If you take this approach you will find yourself re-implementing a pattern-matching lexer trying to determine which variables are bound or unbound; remember matches can be complicated and do deep destructuring.

What you really want to do is pass your code through the Elixir compiler without evaling anything. You can totally do this since the Elixir compiler is written in erlang so we can call into its AST expansion functions. This approach is far superior because it will also take into account things like in-scope variables, aliases, and imports in the provided Macro.Env (probably the __CALLER__ in your macro); the downside is while you will be consulting the single source of truth about Elixir’s variable binding, you will be calling into a somewhat private API not meant for use outside of Elixir core which is liable to change version to version.

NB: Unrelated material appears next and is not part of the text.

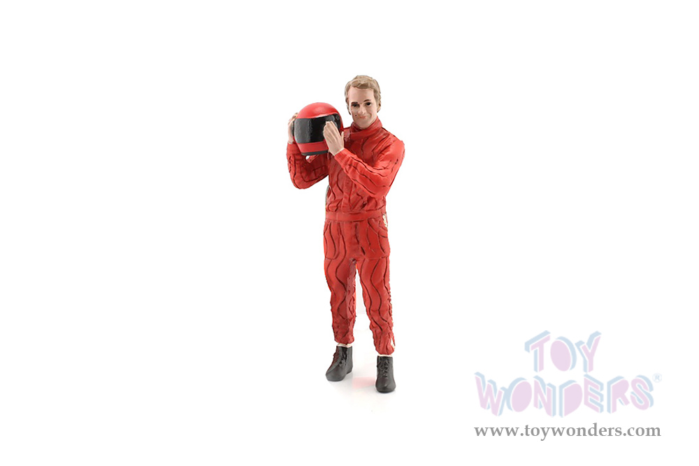 76352 American Diorama Figurine - Racing Legends | The 70s Driver B. 1:18 scale male figure in a red racing outfit. Hand painted cold-cast resin. This 4"H figure is great for decorating 1:18 scale cars, auto body shop and dioramas. Manufactured by American Diorama. Individually packed in a blister card. Card size: 5" x 8.5".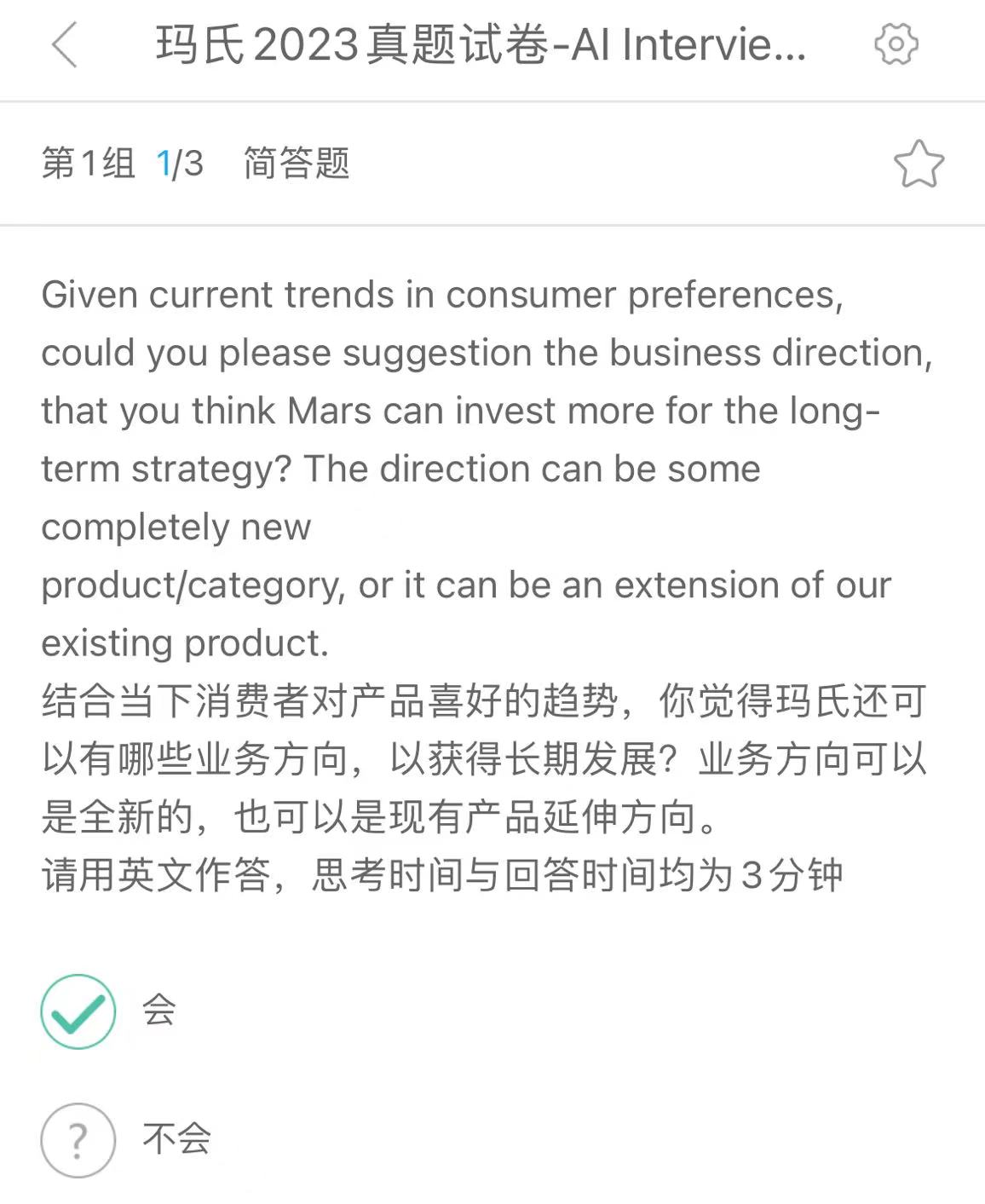 1.历年真题 玛氏2023真题试卷-AI Interview-第一套 玛氏2023真题试卷-AI Interview-第二套 玛氏2023真题试卷-AI Interview-销售和市场 玛氏2022真题试卷-AI Interview第一套 玛氏2022真题试卷-AI Interview第二套 玛氏2022真题试卷-AI Interview第三套 玛氏2021真题试卷-202103-职能管培生 玛氏2021真题试卷与答案解析-202008 玛氏2020AI面试真题 玛氏2020真题试卷与答案解析-201910 玛氏2019真题试卷与答案解析-20181016 玛氏2019真题试卷与答案解析-20181015 2.题目展示

If you want to get started down that path, I’d check out the Kernel.Utils.defguard implementation which does something similar: extracts variable references from the AST and inserts them into the ENV, so it can expand the code and get an updated env without hitting a CompileError. I imagine if you manipulate the env just right pre-expansion you can introspect on the returned post-expansion env to deduce which variables are still unbound.

qhwa · January 5, 2022, 9:36am

I had the same question and wrote a function for it.

github.com

qhwa/formular/blob/master/lib/formular.ex#L433-L453

    
      
            @doc """
            Returns used variables in the code. This can be helpful if
            you intend to build some UI based on the variables, or to
            validate if the code is using variables within the allowed
            list.
          
          
  ## Example
          
          
  ```elixir
            iex> code = "f.(a + b)"
            ...> Formular.used_vars(code)
            [:a, :b, :f]
            ```
            """
            @spec used_vars(code()) :: [atom()]
            def used_vars(code) when is_binary(code),
              do: code |> Code.string_to_quoted!() |> used_vars()
          
          
  def used_vars(code),
              do: Formular.Compiler.extract_vars(code)
          end

:elixir_* modules are cool and inspiring but didn’t contribute directly to my solution. I end up with traversing the AST tree like Kernel.defguard does.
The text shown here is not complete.